The minister responsible for supporting disabled people into work has admitted he has no idea how many former incapacity benefit (IB) claimants have found jobs as a result of his government’s reforms.
Mark Hoban, the Conservative employment minister, is in charge of the government’s Work Programme, and is also responsible for the programme to re-assess 1.5 million disabled people on long-term incapacity benefit (IB) through the much-criticised work capability assessment (WCA).
He and his government have repeatedly spoken of how disabled people were left to languish on IB for years, but have said little about the need to remove the barriers in society that prevent them finding work.
Iain Duncan Smith, the work and pensions secretary, spoke again this week of the “1.5 million people once parked unseen on long term sickness benefits”.
Since the reassessment programme started in 2011, ministers have repeatedly tried to emphasise how many former IB claimants have been found “fit for work”.
And before the programme began, Hoban’s predecessor, Chris Grayling, told the 2010 party conference that he believed about half of those on IB “have the capacity to get back into work”.

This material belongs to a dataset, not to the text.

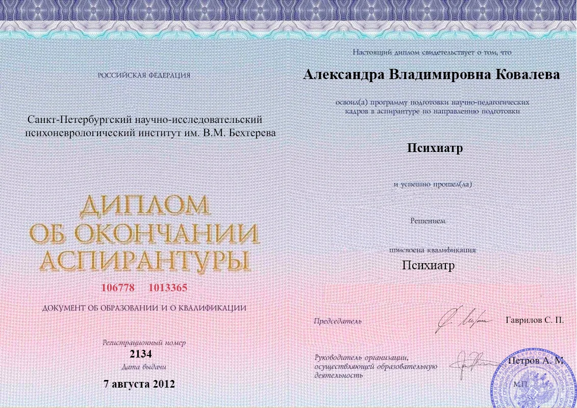 Должность: Психиатр, врач-общей практики, кандидат наук

But during a Channel 4 fringe event at this week’s Conservative party conference in Manchester, Hoban was asked by Disability News Service (DNS) how many former IB claimants had found work after being reassessed through the WCA.
He said: “I don’t have them to hand. If you look at the number claiming out of work benefits it has fallen.”

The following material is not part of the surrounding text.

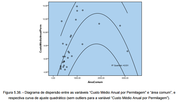 Da mesma forma analisou-se a relação entre o “Custo Médio Anual por Permilagem” e o valor da “área comum”. O coeficiente de determinação máximo obtido é igual a 0,531, para a situação em que se eliminam os outliers da variável “Custo Médio Anual por Permilagem”. O valor é reduzido, podendo-se supor que a relação entre as variáveis existe, mas é moderada.

Asked again if he had any idea how many former IB claimants had found jobs, he said: “What you see for the first time is people being written off are being assessed fit for work and given the support they need to get into work.”
When asked a third time, he declined to answer, and afterwards, when asked by DNS whether there was anything more he could say, he replied: “No,” and told DNS to speak to the Department for Work and Pensions (DWP) press office.
DNS later asked the same question of Harriett Baldwin MP, Hoban’s parliamentary private secretary.
She said: “It’s showing up as one of the hardest challenges in terms of the Work Programme. They are as far from the workplace as you can possibly be.
“They are finding with that level of need they are some of the most challenging people they are working with.”
But she also had no idea how many former IB claimants had found jobs, despite eventually producing statistics on the Work Programme and ESA, the replacement for IB.
A DWP spokesman said later that it was “quite difficult to track people all the way from a particular benefit onto jobseeker’s allowance and then into work” because “you would not necessarily know if someone had a job”.
He said: “If someone doesn’t go on to claim another benefit, there would be no reason that they would tell us that they had got a job.”